Known — the publish-image runner-socket coin-flip (same root as mc#576), surfaced by #606's revert. Not a code regression. Recommend close as dup of mc#576.

Per-context red on 8a572c1ef3dd (= the #606 merge): publish-canvas-image / Build & push canvas image (push).

Root cause = the same one mc#576 tracks for publish-workspace-server-image, just the canvas variant: the build-and-push job runs docker buildx build, but runs-on: ubuntu-latest doesn't pin a docker-capable runner — only ~half the act_runner pool mounts /var/run/docker.sock. Land on the wrong half → fail. Coin-flip. This was the state before #599; #599 tried runs-on: [ubuntu-latest, docker] but the docker label was never registered on any runner → jobs queued forever with zero eligible runners → strictly worse; #606 reverted to runs-on: ubuntu-latest (correct emergency move — coin-flip > queue-forever).

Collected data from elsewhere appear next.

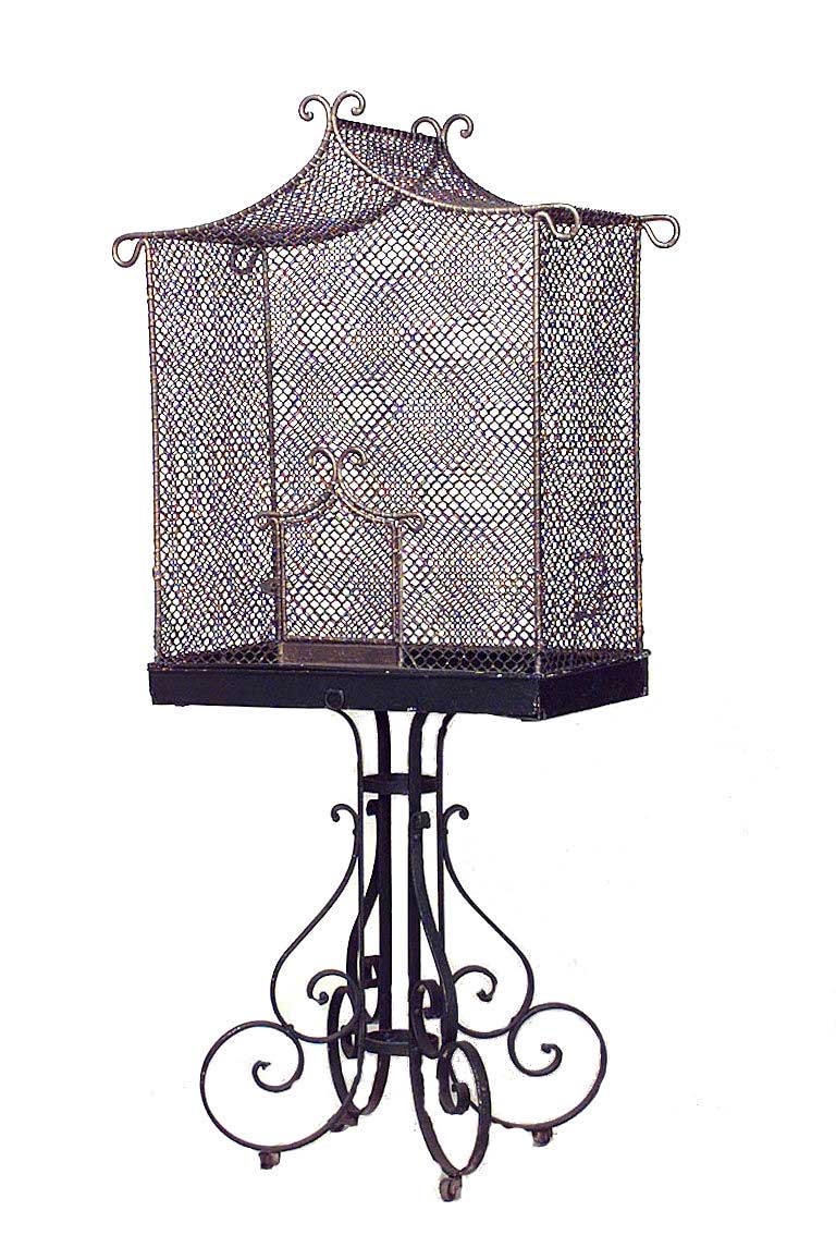 American Victorian green painted bird cage with pagoda top and rectangular iron scroll base..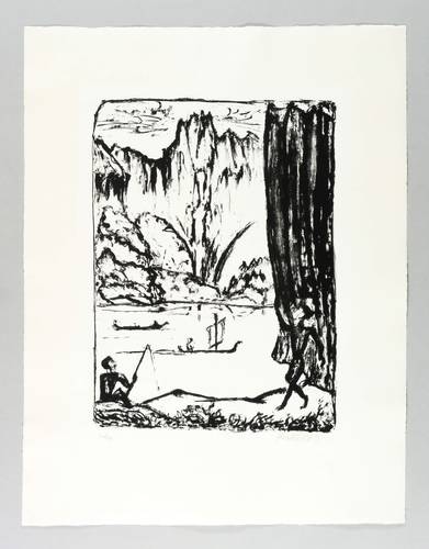 1965. Lithografie / Pinsellithografie, in Schwarz, auf hellchamois BFK-Rives-Velin. – Originale Künstlergrafik, von Erich Heckel. – Auflage Exemplar Nr. 30/40. – 43,8 x 32,1 cm (Darstellung), 66 x 50 cm (Blatt).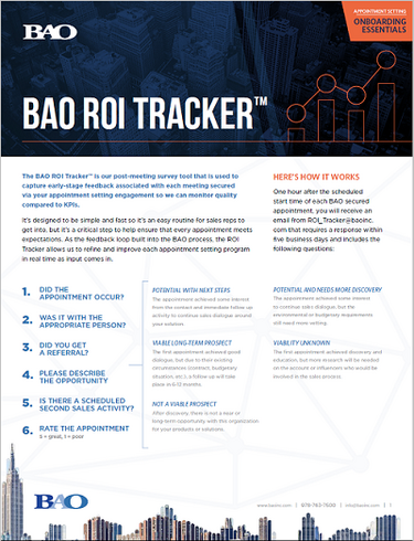 The BAO ROI Tracker™ is our post-meeting survey tool that is used to capture early-stage feedback associated with each meeting secured via your appointment setting engagement so we can monitor quality compared to KPIs.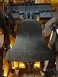 Marienstiftskirche has a peal of five bells. The two smallest are located in the flèche. The larger three hang in the Stadtturm, which was part of the town's fortifications. The bells are located on the bell-floor under the floor for the sentries, who were also responsible for ringing the bells. All of the bells are Medieval, except for the Baroque Eleven o'clock bell.[37] The largest bell is cast with the deep curve typical of the Medieval period; the Eleven o'clock bell appears larger due to the much shallower curve which is typical of the Baroque, but it is actually smaller.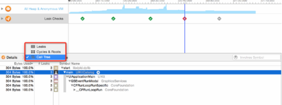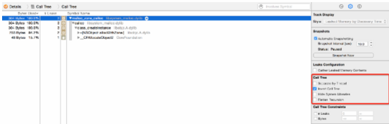 当 Leaks 模板显示红色条状时(如图 5),说明有明显的内存泄露,可通过 Leaks 的 Call Tree 来查看程序的调用树,如图 6 所示。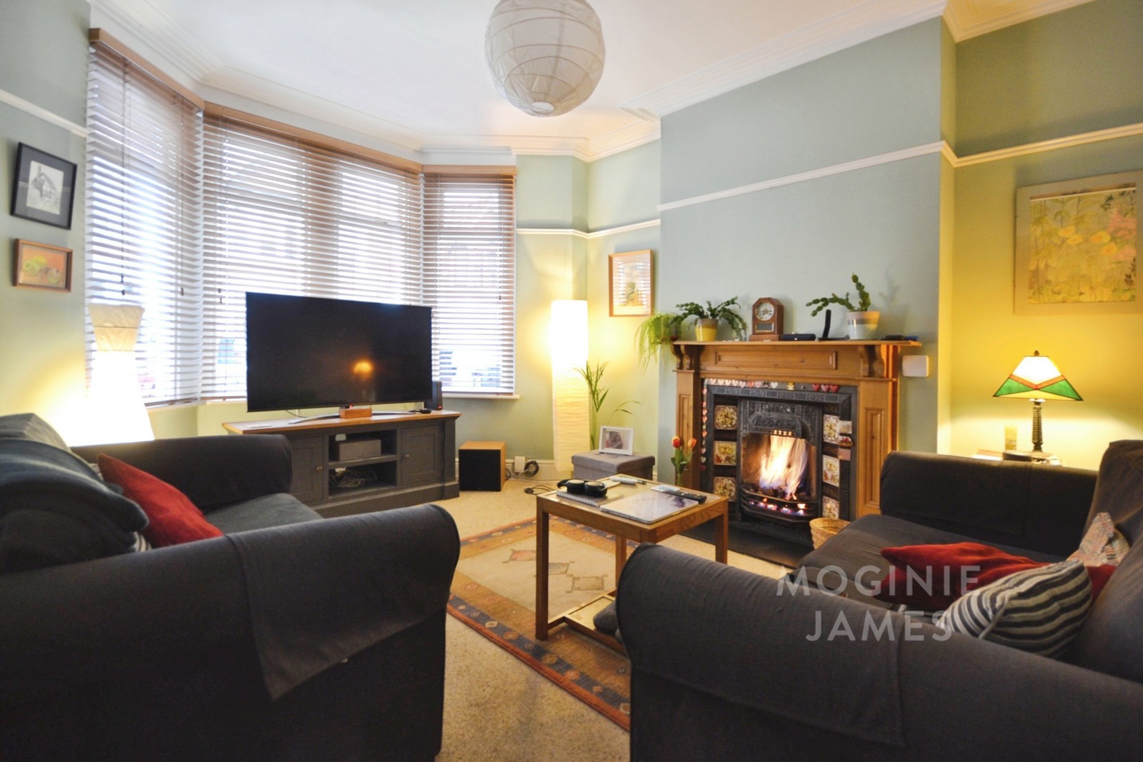 There are three bedrooms: two doubles, including a main bedroom with bay window, and a further single bedroom suitable for a child’s room or home office. The bathroom includes a free-standing bath.
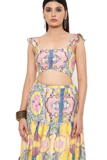Yellow bustier with enchanted print and ruffle sleeves. Comes with co-ordinating long skirt.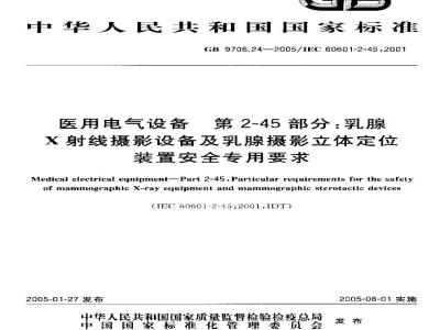 GB 9706.24—2005/IEC 60601-2-45:2001医用电气设备第2-45部分:乳腺X射线摄影设备及乳腺摄影立体定位装置安全专用要求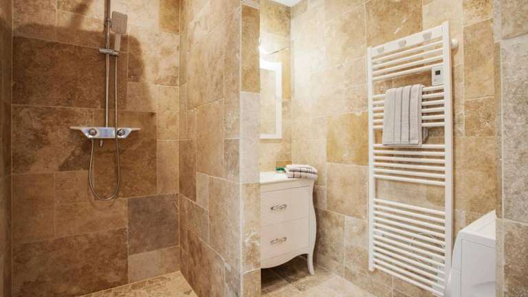 Das Apartment im Legend - Le Saint Laurent - Parking bietet ein gemütliches Schlafzimmer, einen Flachbild-Sat-TV und eine komplett ausgestattete Küche mit Geschirrspüler und Mikrowelle. Eine Waschmaschine steht ebenfalls zur Verfügung. Das Badezimmer ist mit einer Dusche ausgestattet.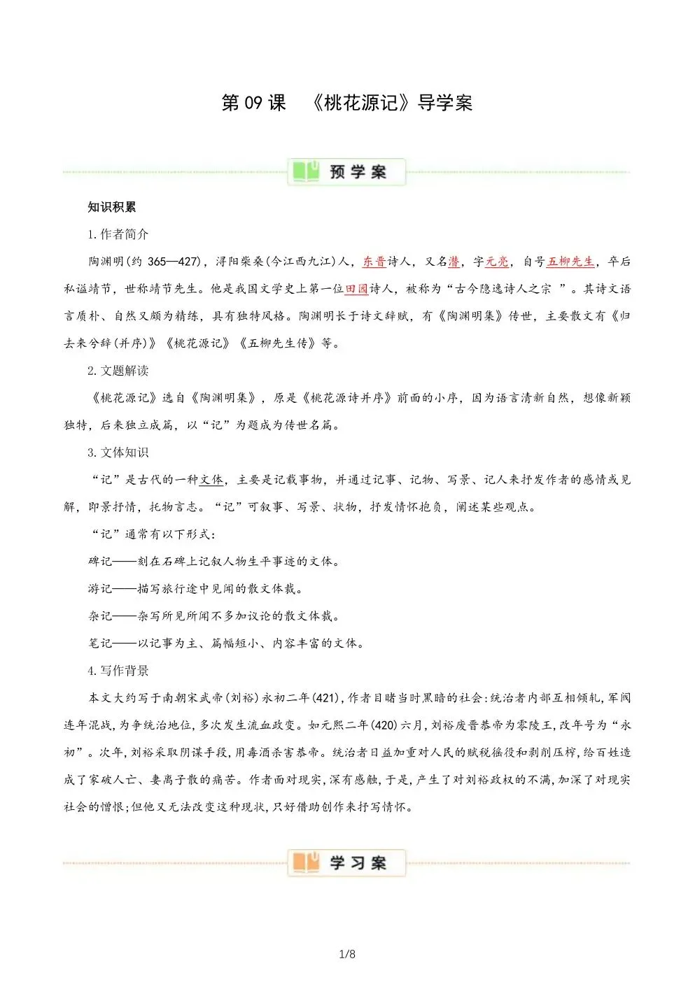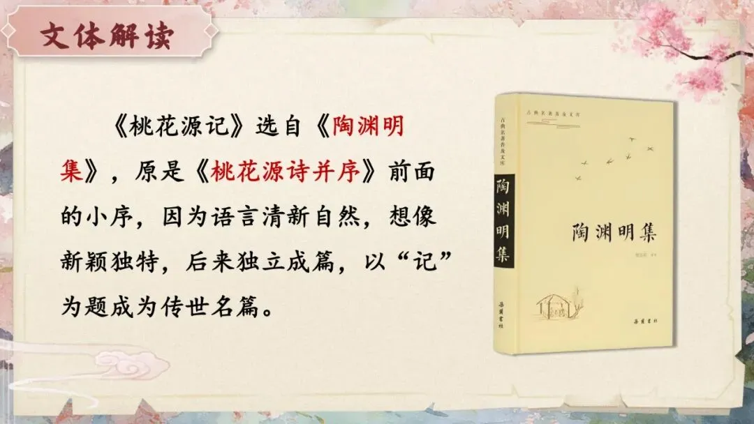 《桃花源记》选自《陶渊明集》,原是《桃花源诗并序》前面的小序,因为语言清新自然,想像新颖独特,后来独立成篇,以“记”为题成为传世名篇。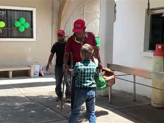 “Me gusta apoyarlos porque los quiero mucho... quiero compartir con ellos los dulces, el pastel, la comida, la piñata y todas las cosas... me gusta ayudarles a todos, vengo a darles comida, me emociono”, apuntó.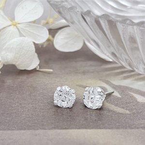 純銀耳環-E509230105(10mm)(圓四爪格紋)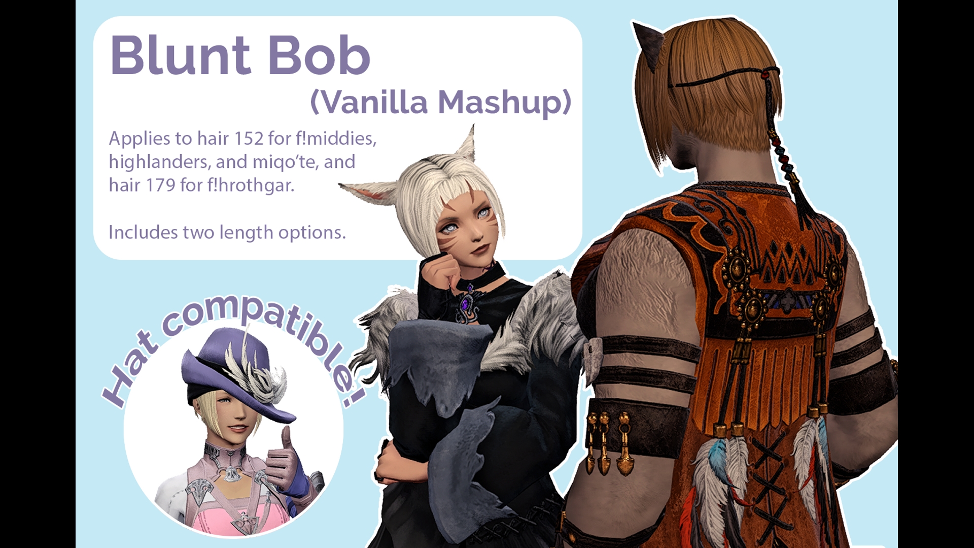 A mashup of Hrothgal hair 13, hair 152, and hair 175.Applies to hair 152 for f!middies, highlander, and miqo'te, and hair 179 for f!hrothgar.Includes two lengths: mid cheek length (short) and chin length (long).This hair is mostly hat compatible.I say mostly because I do not have hats for hrothgals so could not test compatibility for them; however the hair inherits the shape keys from the miqo version so it may work with hats.Please see my XMA profile/ko-fi main page for TOS &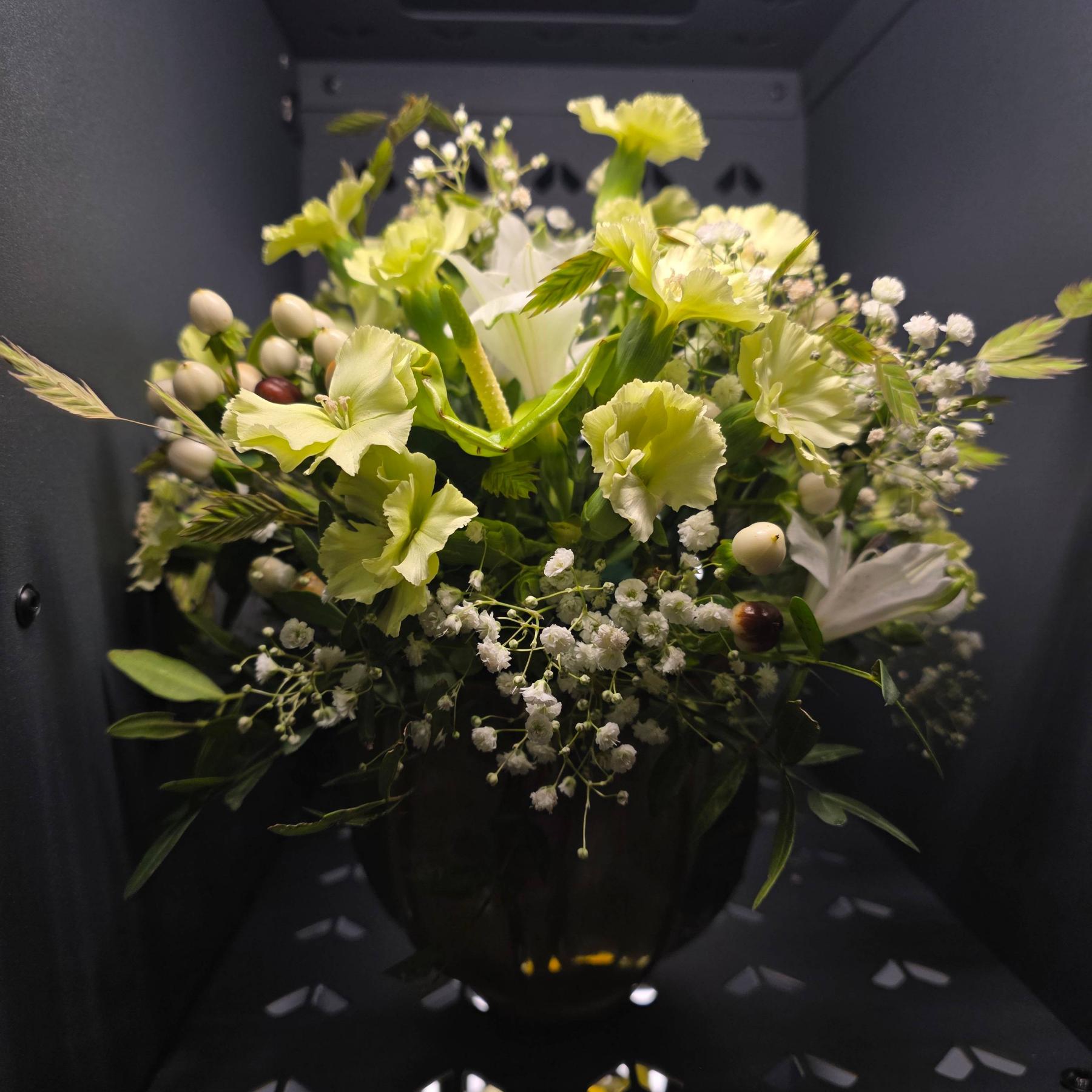 Delikatna, świeża kompozycja w ceramicznym naczyniu. Jasne odcienie zieleni i bieli wprowadzają spokój i naturalną elegancję. Idealny wybór na subtelny gest dla kobiety – lekki, a jednocześnie wyjątkowy.

So this red is the pre-existing coin-flip state freshly visible after #606, not a regression from #606. publish-workspace-server-image isn't in this commit's red list — it landed on a docker-having runner (the lucky 50%) this time.

Fix (same for both publish workflows, per the #606 re-apply checklist + mc#576 comment 13622):

  1. infra-sre (host SSH): register a docker label on every act_runner that mounts /var/run/docker.sock (group=docker, perms 660+). Enumerate via docker ps --filter name=molecule-runner --format '{{.Names}}', check each docker exec <runner> ls -la /var/run/docker.sock, register the label. Need ≥2 for redundancy.
  2. Then re-apply the runs-on: [ubuntu-latest, docker] (or [self-hosted, docker]) constraint on both publish-canvas-image.yml + publish-workspace-server-image.yml.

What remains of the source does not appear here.